The NanoTags are custom-polymerized nanoparticles that range in size from 20-60 nm. The NanoTags, synthesized using an emulsion polymerization, are compatible with water-based drilling fluids, stable in subsurface conditions, and have a shelf life of more than one year at ambient conditions. Some NanoTag formulations also contain a fluorescent dye. The tags are isolated from the cuttings in the lab using a workflow comprised of water washing, solvent extraction, and thermal separation. Since the NanoTags generate unique mass spectral signals, we can detect them unambiguously at µg levels using a GC/MS equipped with a pyrolyzer (Py-GCMS). The fluorescent tags on cuttings or in mud are visible under a portable fluorescence microscope.

Furthermore, we have customized a robotic platform, built by Chemspeed Technologies, to process and prepare the field cuttings for analysis. The Chemspeed platform can weigh cuttings, add solvent, filter the cuttings, and vacuum dry 16 different types of cuttings, or 48 samples total when measured in triplicate, within 24 hours. These steps recover the tags from the field cuttings for final analysis using pyrolysis-GCMS. The customized automation platform significantly reduces the time and manpower necessary to prepare the cuttings for characterization.

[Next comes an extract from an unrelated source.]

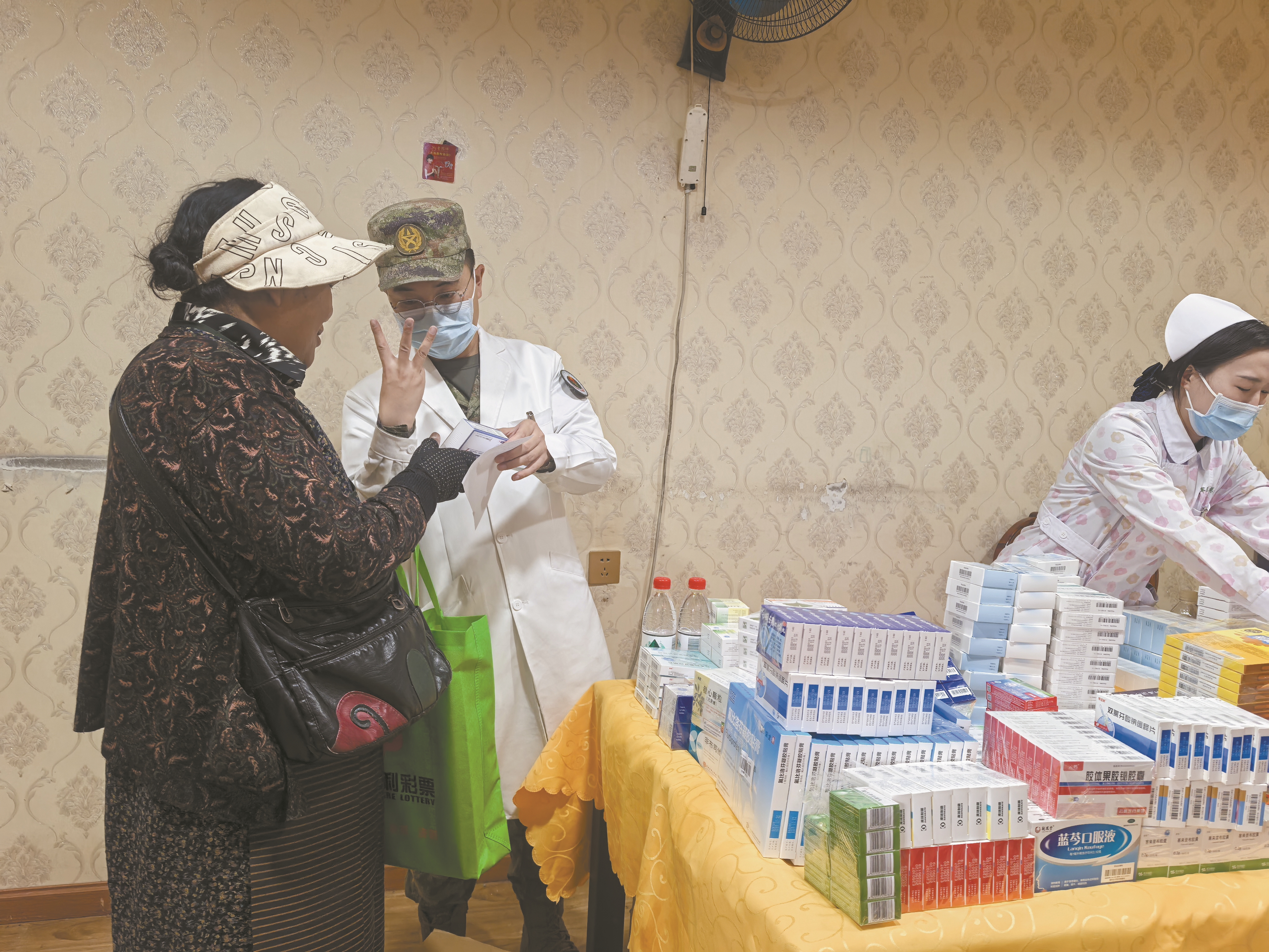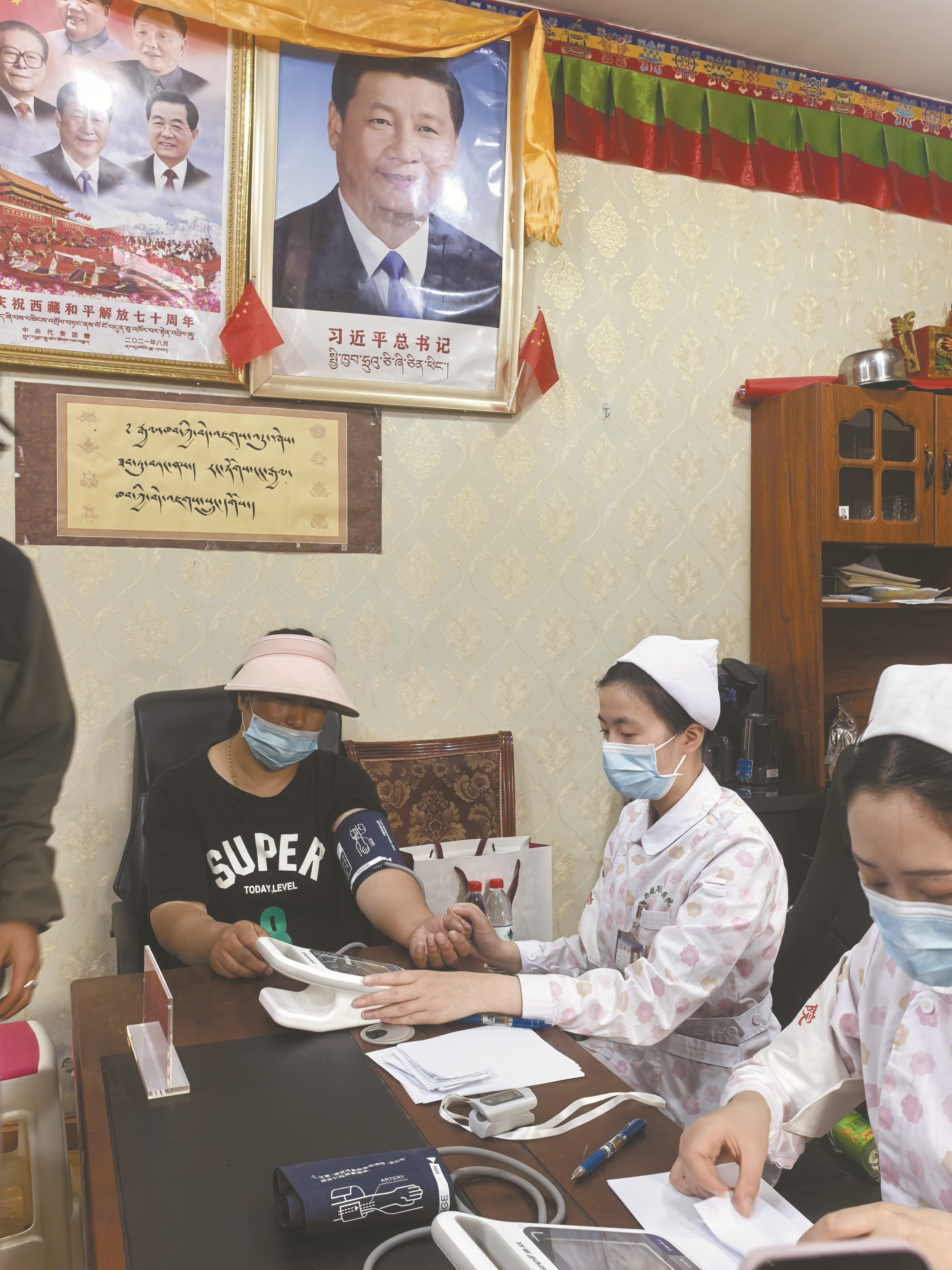 上图为西藏军区总医院医务人员给居民量血压。 左图为西藏军区总医院医务人员向居民发放药品并讲解服用剂量。 拉萨融媒记者 次仁卓玛摄

We have demonstrated the effectiveness of the NanoTagging technology during two field tests performed in 2019 and 2022 in Saudi Arabia during the drilling of two different vertical gas wells. Both field tests confirm the successful tagging of the drill cuttings with our tags and show the improved depth correlation of the cuttings. Furthermore, we designed an air-powered rapid-multiplexing tags injection apparatus to deliver sharp pulsed injection of each tag continuously to the mud during the 2nd field test using pre-programmed injection times and flow rates for each tag.

The NanoTags for drill-cuttings depth correlation technology improves the current mud logging process and is cost-effective, straightforward, and environmentally friendly. This technology allows oil and gas operators to improve the quality of lithological and petrophysical analyses, enhance formation evaluation and geosteering practices, and control well placement with mud logging, thus helping to maximize oil recovery. The automation of the field dispensing of the different NanoTag barcodes into the mud and the automation of the lab extraction and detection workflow in combination with optical detection methods could make the tagging process a routine operation available for improving mud-logging data quality in the field.